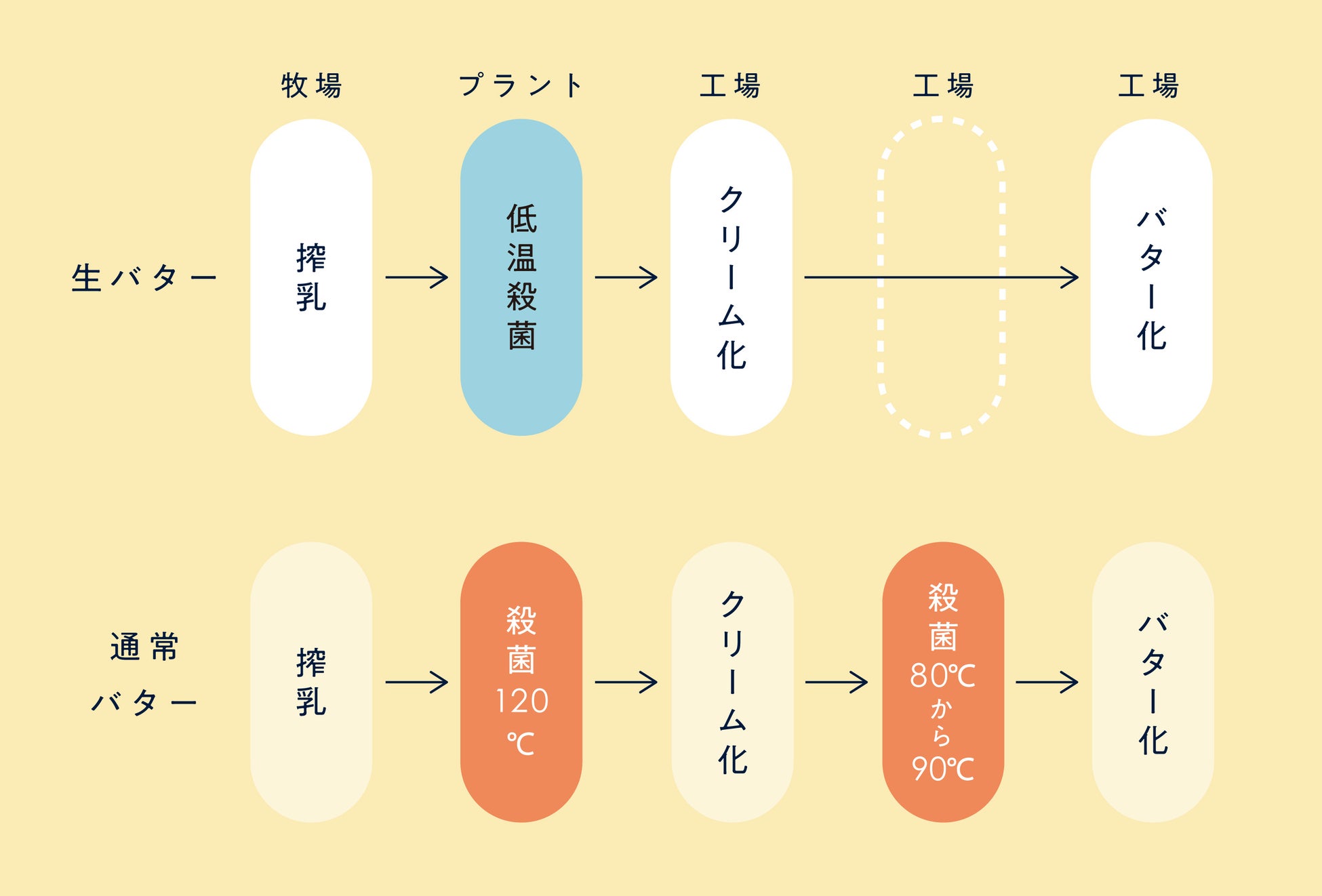 私たちは、搾りたての放牧牛乳を、必要最低限の殺菌処理とノンホモジナイズ製法で丹念に自社製造。「生乳が持つやわらかな風味と繊細さ」をそのままに守り抜き、長く豊かなコクの余韻が楽しめる独自の自家製“生バター”を完成させました。
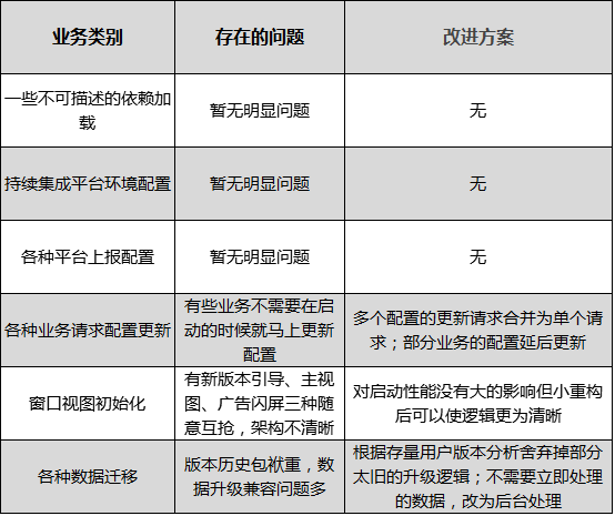 这里大部分都是一些苦逼活,但有一点特别值得分享的是,有一些优化,是无法在数据上体现的,但是视觉上却能给用户较大的提升。例如在【各种业务请求配置更新】的部分,经过分析优化后,启动过程并发的http请求数量从66条压缩到了23条,如此一来为启动成功后新闻资讯及其图片的加载留出了更多的带宽,从而保证了在第一时间完成新闻资讯的加载。实际测试表明,光做KPI的事情是不够的,人还是需要有点理想,经过优化,在视觉体验上进步非常明显。
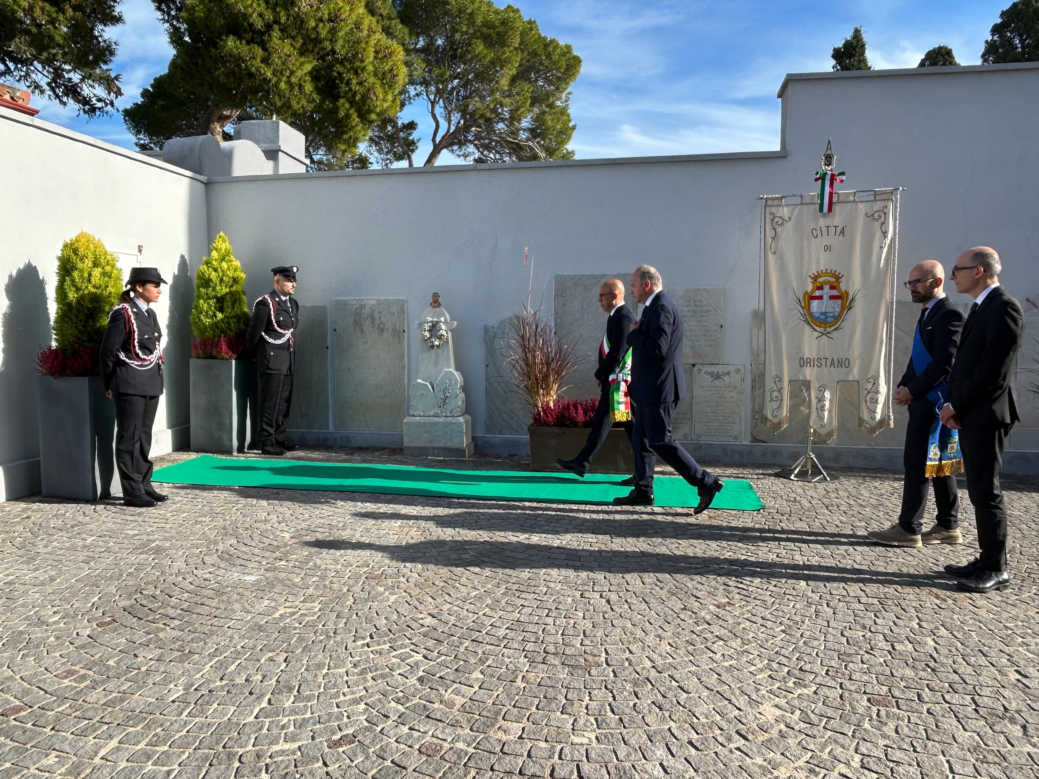 Con la deposizione di una corona floreale, le istituzioni cittadine hanno voluto rendere omaggio “alle donne e agli uomini che hanno amato Oristano e l’hanno servita con passione, lasciando con il loro esempio un segno profondo nella nostra storia” ha proseguito il Sindaco.
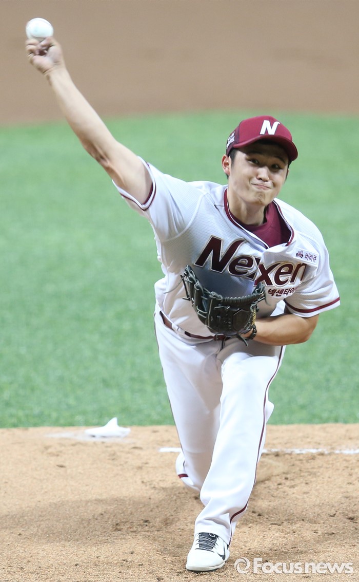 (서울=포커스뉴스) 1일 서울 고척 스카이돔에서 열린 2016 프로야구 KIA-넥센 경기에서 넥센 선발투수 최원태가 투구하고 있다.
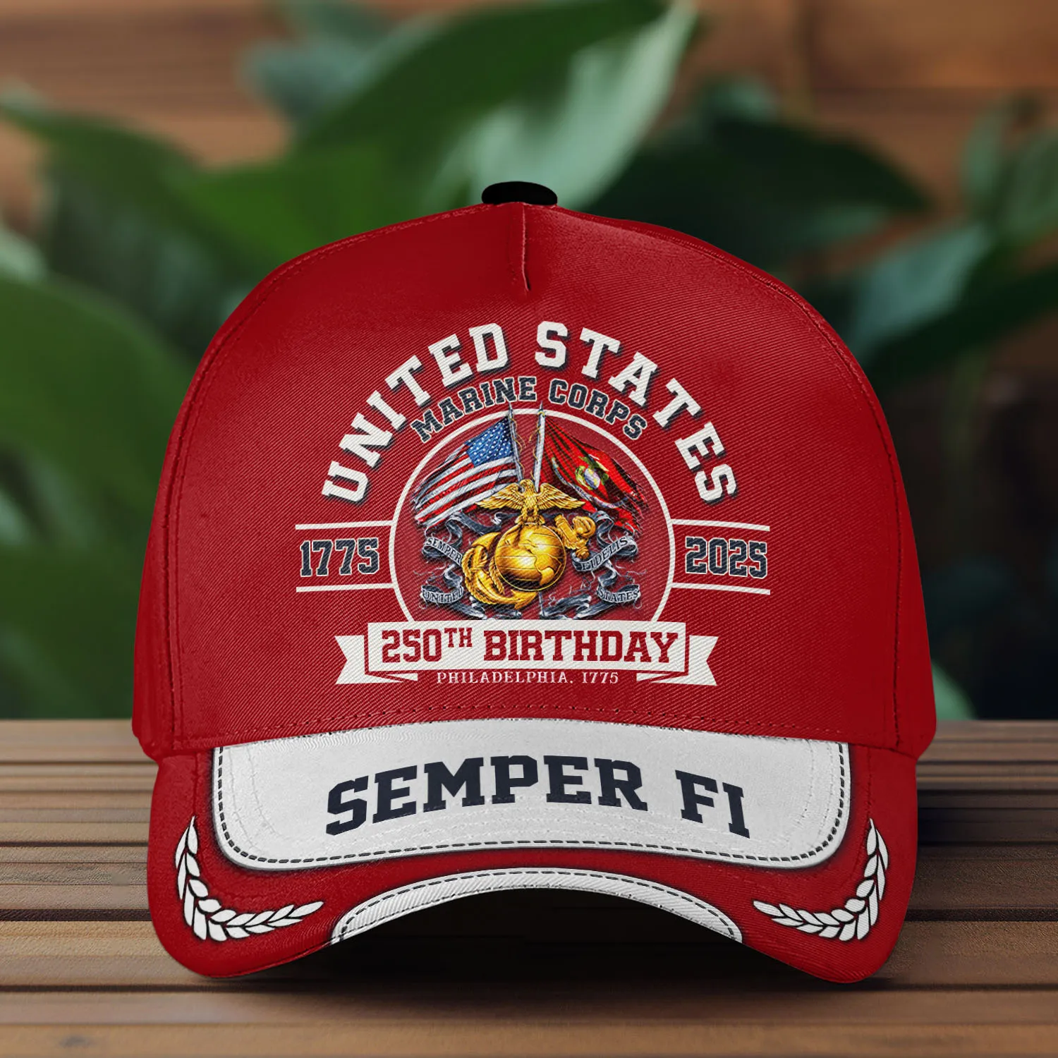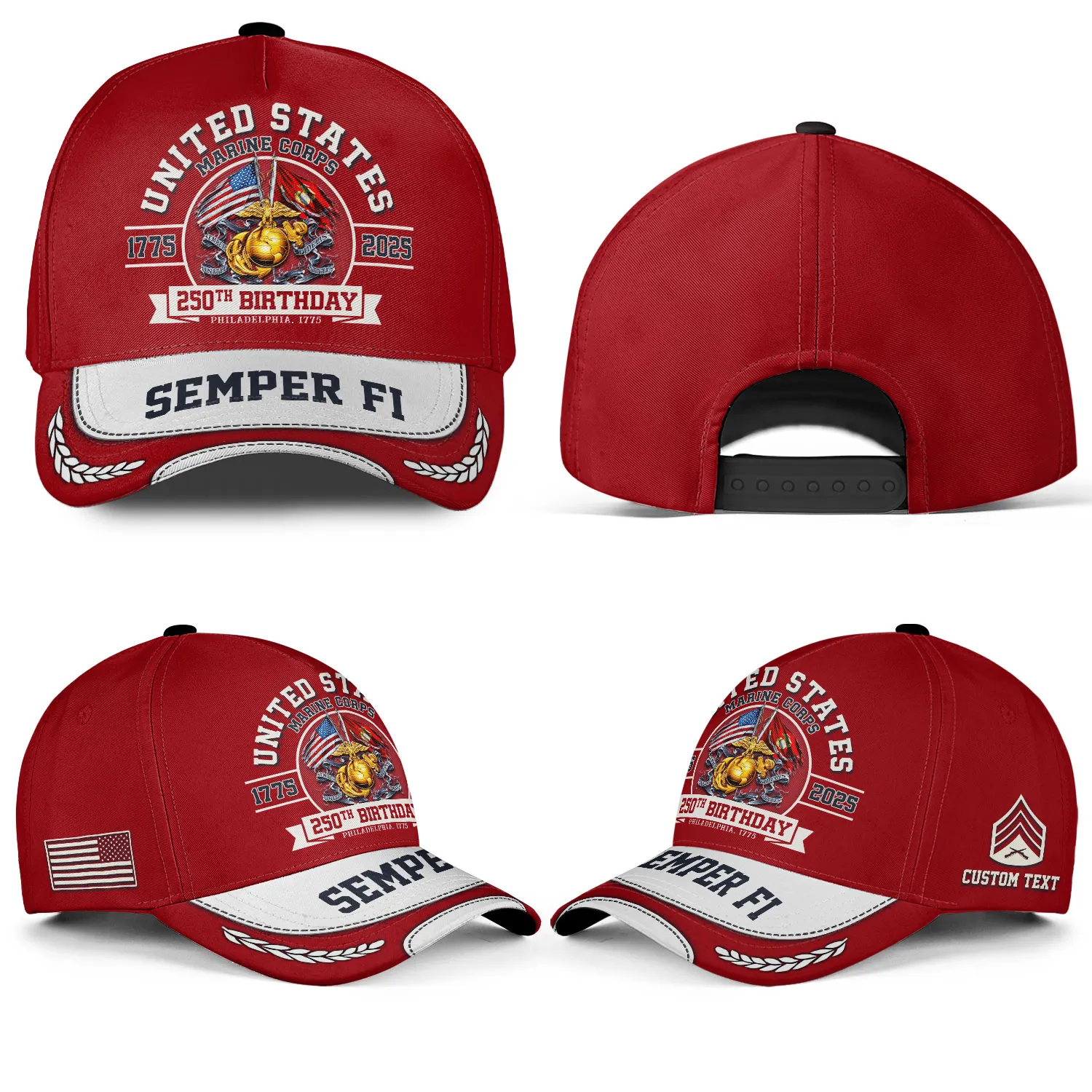Celebrate a quarter-millennium of brotherhood with the Custom USMC 250th Birthday Hat (1775-2025). Featuring a striking red and white commemorative design, crossed flags, and a Semper Fi visor. Personalize the side panel with your exact Rank and Name. Order your piece of history today!
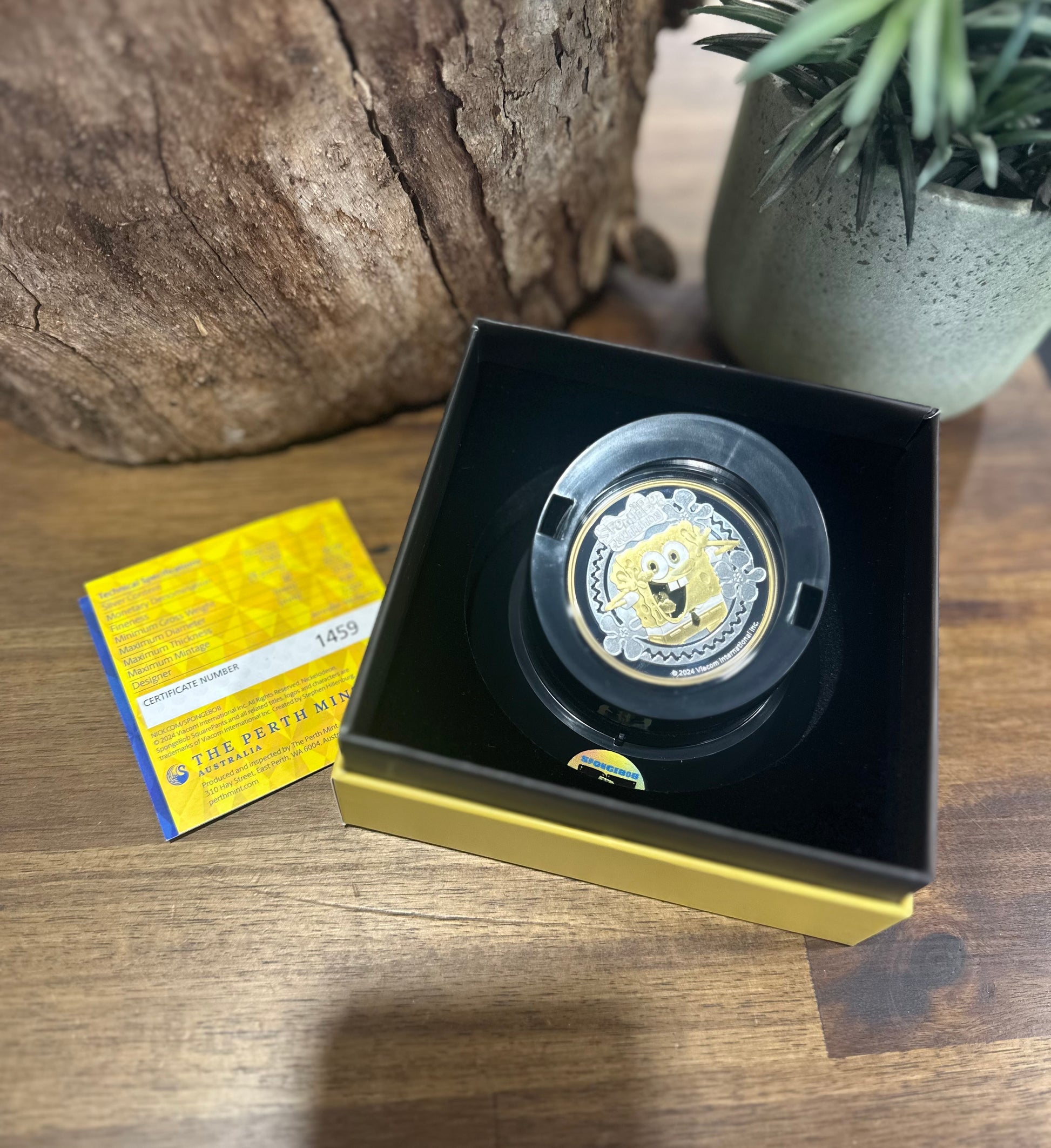 $2 SpongeBob SquarePants 2oz Silver Proof Gilded Pineapple Coin • 2024
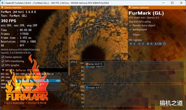 GPU烤机测试(室温同上),得益于显卡强悍的散热设计,配合机箱合理的风道,GPU的最高核心温度为64℃,也属于非常优秀的水平。
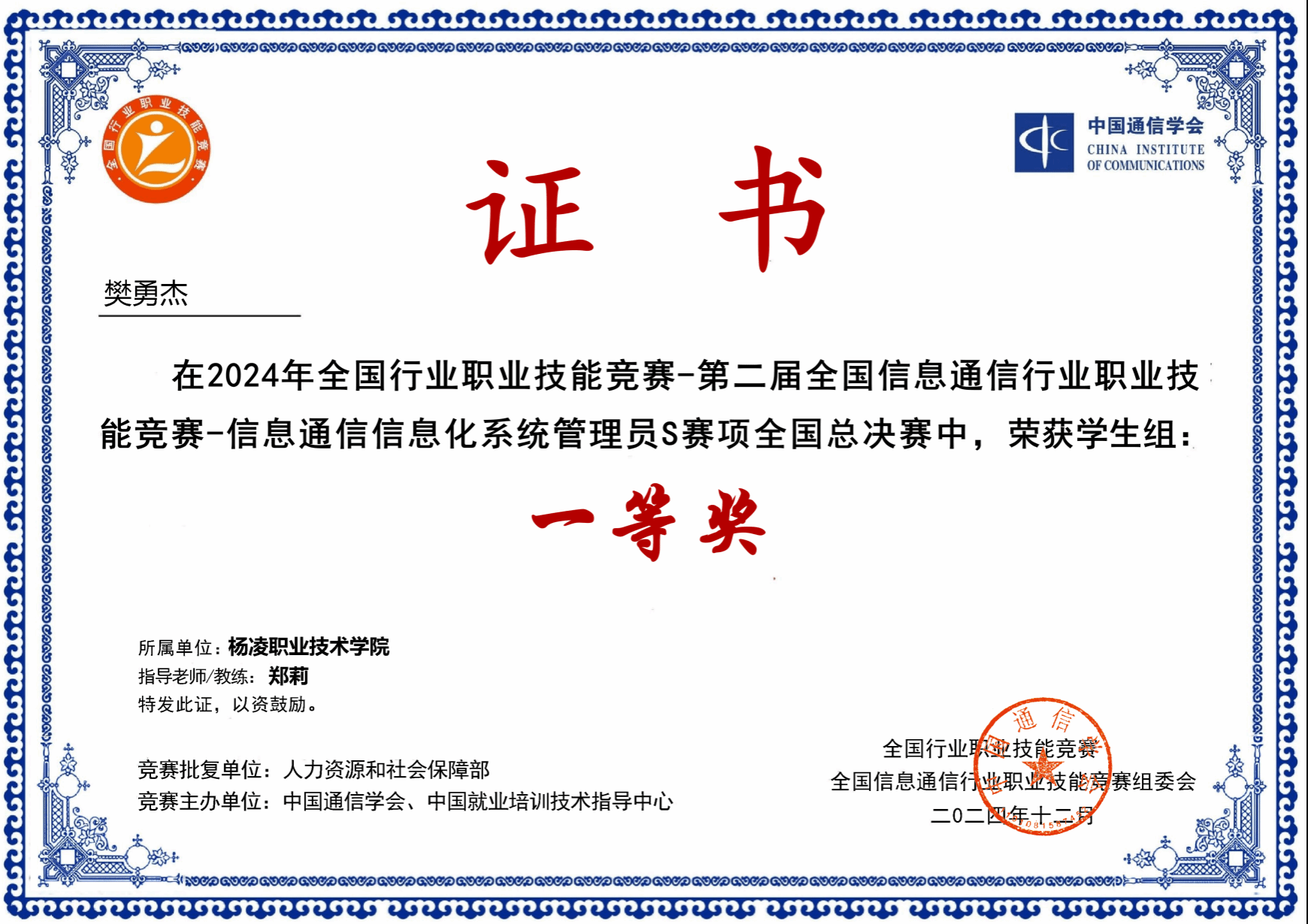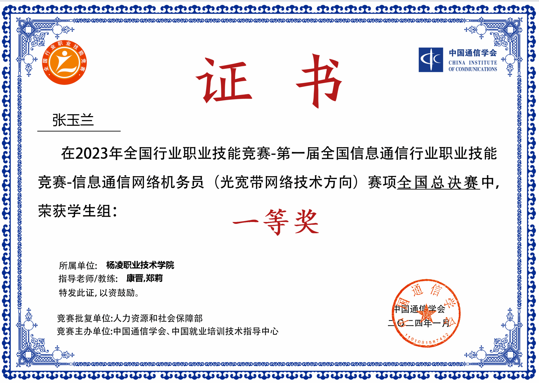 2024年通信专业学生获行业技能大赛全国一等奖
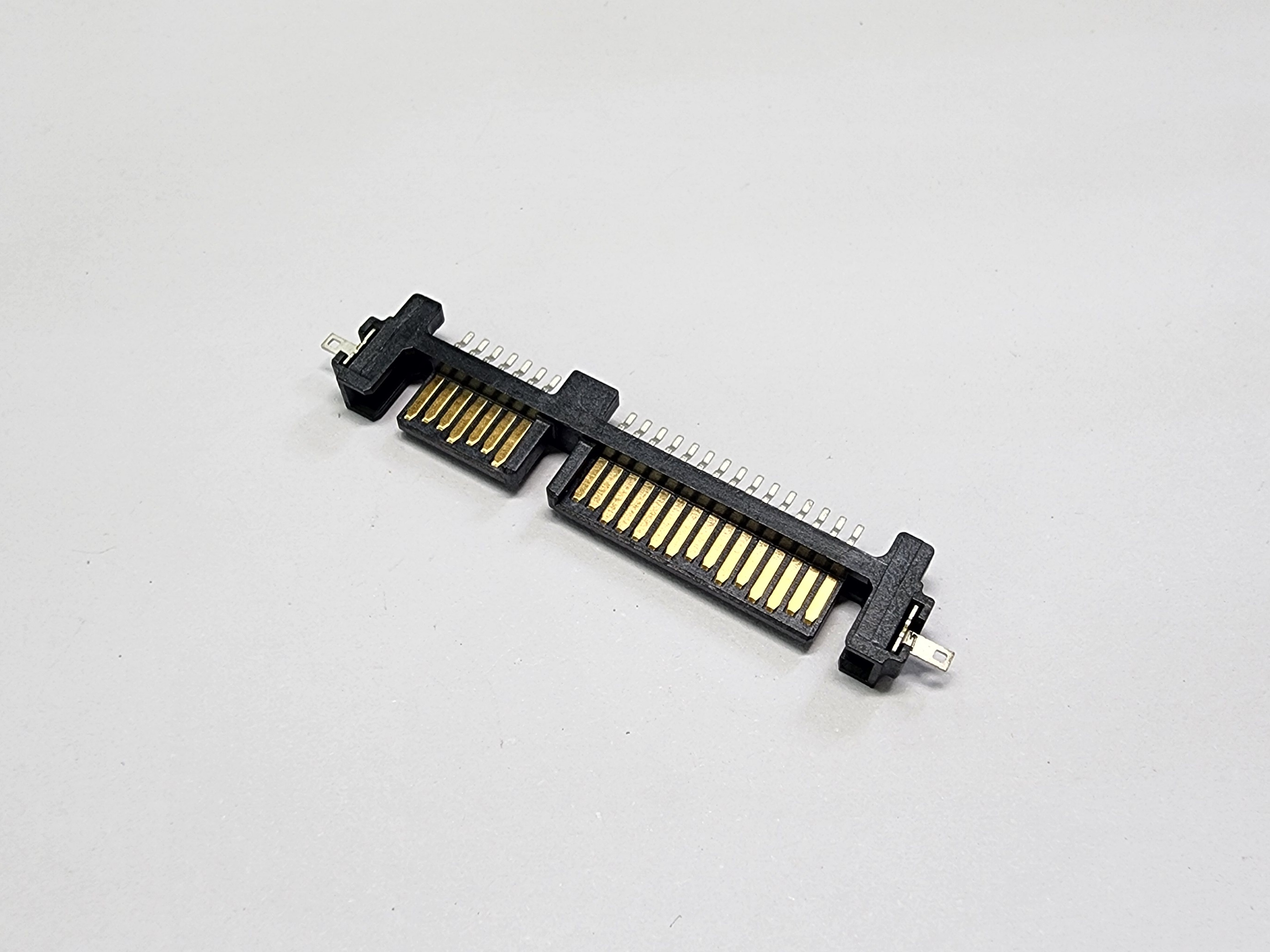 Serial ATA 22Pins, Male, Subside, SMD, 15u" Plating, Reverse Type, Body=9.25mm, H=2.3mm, LCP, Black Color, With Cap

◆ ◆ ◆ ◆

• What is required
Each line from the start of the listing above through the line with "这里大部分都是一些苦逼活,但" is what to output, exactly as written and without pictures.

• Solution below
 私たちは、搾りたての放牧牛乳を、必要最低限の殺菌処理とノンホモジナイズ製法で丹念に自社製造。「生乳が持つやわらかな風味と繊細さ」をそのままに守り抜き、長く豊かなコクの余韻が楽しめる独自の自家製“生バター”を完成させました。
 这里大部分都是一些苦逼活,但有一点特别值得分享的是,有一些优化,是无法在数据上体现的,但是视觉上却能给用户较大的提升。例如在【各种业务请求配置更新】的部分,经过分析优化后,启动过程并发的http请求数量从66条压缩到了23条,如此一来为启动成功后新闻资讯及其图片的加载留出了更多的带宽,从而保证了在第一时间完成新闻资讯的加载。实际测试表明,光做KPI的事情是不够的,人还是需要有点理想,经过优化,在视觉体验上进步非常明显。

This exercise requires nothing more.